Module Not Found Error when launching parameter study

Question

Module Not Found Error when launching parameter study

KOz 1

Hello,

I am a new user to Azure ML, and I would like to use the service to perform a parameter study for a ML model. I was able to launch a single job to test one parameter (e.g. learning rate = 0.01), but I am having trouble launching multiple jobs to cover several parameters (e.g. learning rates = 0.1, 0.01, or 0.001).

I generally followed the hyperparameter tuning guide (https://learn.microsoft.com/en-us/azure/machine-learning/how-to-tune-hyperparameters), but when I run the code below, the jobs fail with the error "User program failed with ModuleNotFoundError: No module named 'sklearn'". Can someone help me identify what I am doing incorrectly? I tried to add the conda dependency (as shown) to fix this error, but it still did not work.

Thank you!

from azureml.core import Workspace  
from azureml.core import Experiment   
from azureml.core import Environment  
from azureml.core import ScriptRunConfig  
from azureml.core.environment import CondaDependencies  
from azureml.train.hyperdrive import HyperDriveConfig  
from azureml.train.hyperdrive import choice  
from azureml.train.hyperdrive import RandomParameterSampling, BanditPolicy, uniform, PrimaryMetricGoal  
from azureml.core.compute import ComputeTarget  
  
  
ws = Workspace.from_config()  
env = Environment.get(workspace=ws, name="AzureML-tensorflow-2.5-ubuntu20.04-py38-cuda11-gpu")  
curated_clone1 = env.clone("customize_curated")  
conda_dep = CondaDependencies().add_conda_package("scikit-learn")  
curated_clone1.python.conda_dependencies=conda_dep  
  
  
curated_clone1.register(ws)  
myvm = ComputeTarget(workspace=ws, name='cpu3')  
param_sampling = RandomParameterSampling( {  
        'learning_rate': choice(0.001, 0.0001, 0.00001),  
          
    }  
)  
  
early_termination_policy = BanditPolicy(slack_factor=0.15, evaluation_interval=1, delay_evaluation=10)  
  
src = ScriptRunConfig(source_directory='./', script='loadv1.py', compute_target = myvm, environment=curated_clone1)  
src.run_config.target = myvm  
hd_config = HyperDriveConfig(run_config=src,  
                             hyperparameter_sampling=param_sampling,  
                             policy=early_termination_policy,  
                             primary_metric_name="loss",  
                             primary_metric_goal=PrimaryMetricGoal.MINIMIZE,  
                             max_total_runs=100,  
                             max_concurrent_runs=4)  
  
  
experiment = Experiment(workspace=ws, name='day2-experiment-data')  
#run = experiment.submit(src)  
hyperdrive_run = experiment.submit(hd_config)
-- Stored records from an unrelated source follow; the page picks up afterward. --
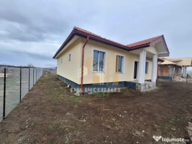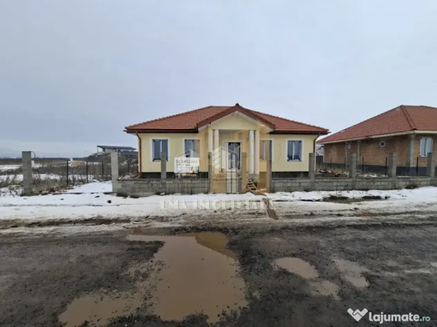 Casa este finisată exterior , la interior este la rosu, gardul va fi semiamenajat și utilitățile trase ( apa, curent electric , fosă septică și instalație pentru legarea la canalizare care în acest moment se află la 150m distanta)
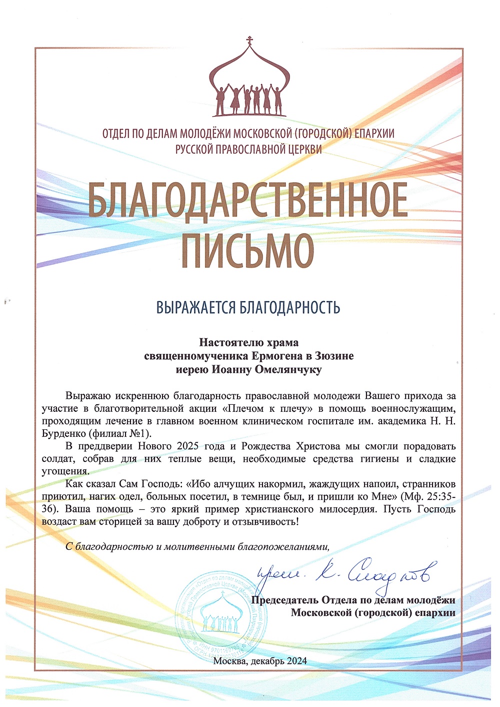 Молодежное объединение "Исток" храма Священномученика Ермогена, Патриарха Московского и всея Руси, чудотворца, Патриаршего подворья в Зюзине приняло участие в благотворительной акции «Плечом к плечу», которая проводилась в декабре 2024 года в помощь военнослужащим, проходящим лечение в главном военном клиническом госпитале им. академика Н.Н. Бурденко (филиал №1). Организатором акции выступил Отдел по делам молодежи Московской епархии.
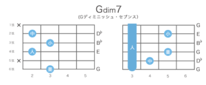 4弦4フレットのG♭をルート音とするとG♭dim7になるが、
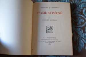 Maurras (Charles) - Ironie et poésie au Pigeonnier, Saint-Félicien-en-Vivarais, 1923. In-8 demi maroquin à coins, couv., conservée, tête dorée, 31 pp. frontispice et ornements gravés sur bois par Léon SCHULZ. Un des ex. sur papier Montgolfier...
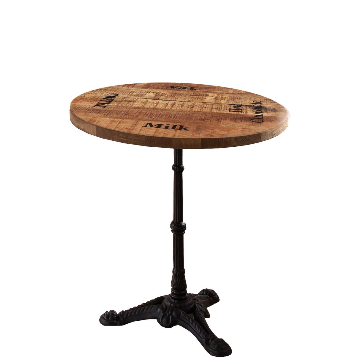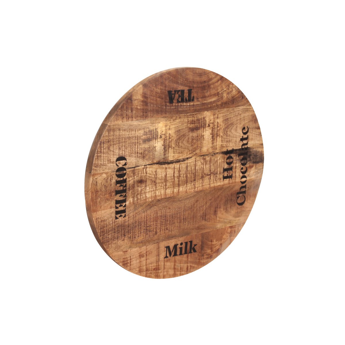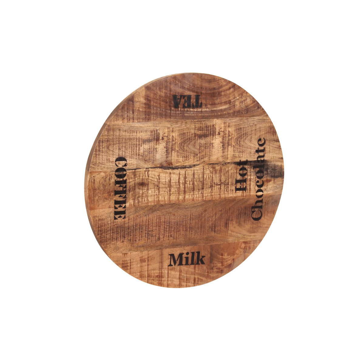 Diese kleine, runde Tischplatte aus massivem Mangoholz mit schwarzen Schriftzügen und Gebrauchsspuren in einer Stärke von 30 mm lässt sich wunderbar als Bistrotisch oder Beistelltisch einsetzen. Dabei kann man sie sowohl mit modernen als auch mit klassischen Tischgestellen kombinieren und erhält jedes Mal eine ganz neue Wirkung. Jede Tischplatte ist einzigartig und Ausdruck von Individualität und Natürlichkeit. Und mit ein bisschen Pflege und Achtsamkeit werden Sie einen Freund fürs Leben haben. Mit kontrastreichen Schriftzügen.
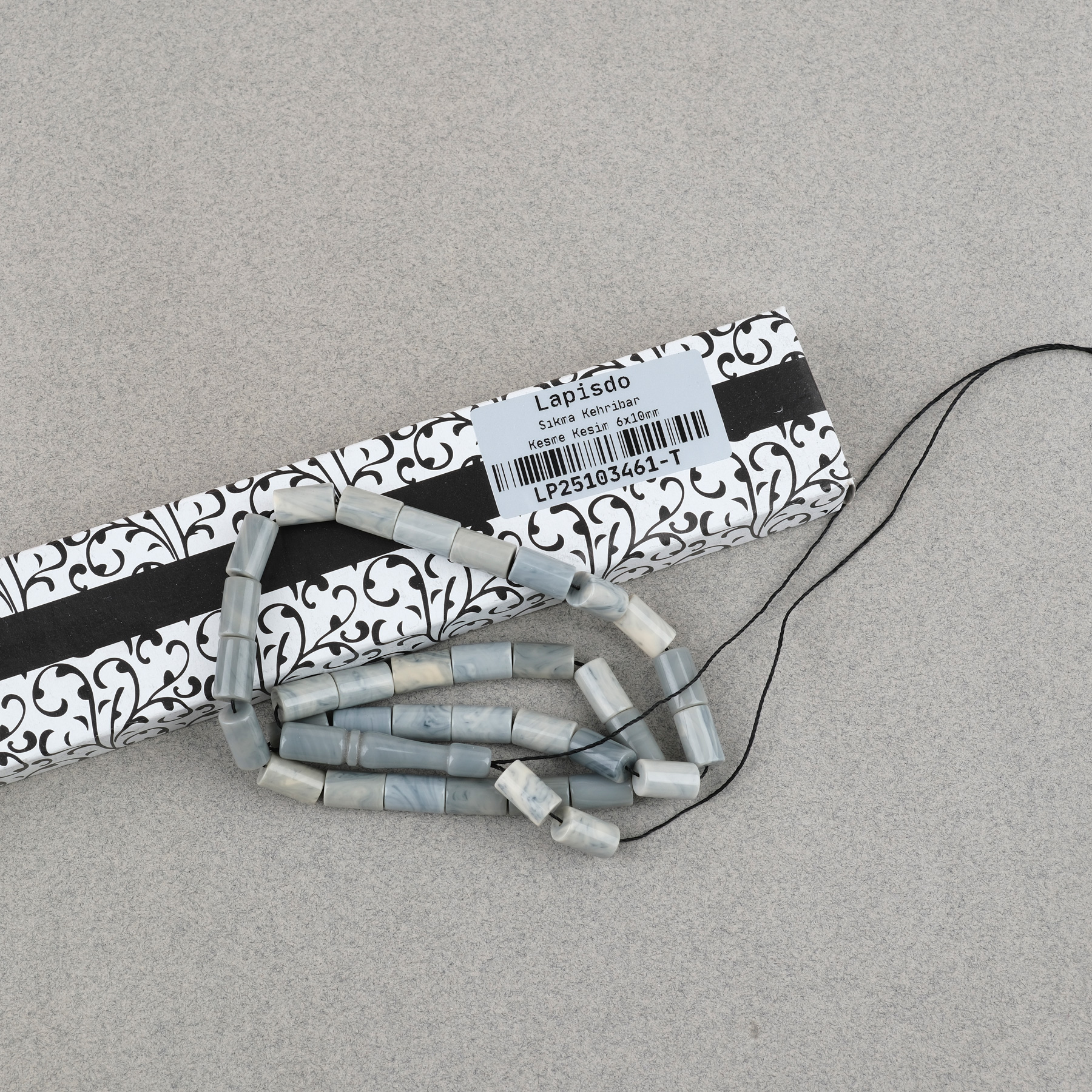 Sıkma Kehribar Kesme Kesim 6x10mm Tesbih Püskülsüz

Rohit Mungi 49,131 Reputation points Microsoft Employee Moderator

2022-03-14T07:52:30.453+00:00
@KOz Have you added this line after your first run? I am curious to understand if your first run was successful without adding the conda dependency.

src.run_config.target = myvm

Adding a choice of learning rates shouldn't really throw the error with the module because the same compute was used in your first run with the setup.
I would recommend referring this notebook to check if you have missed any step. I think you could directly use the following curated environment for your setup.

AzureML-sklearn-0.24-ubuntu18.04-py37-cpu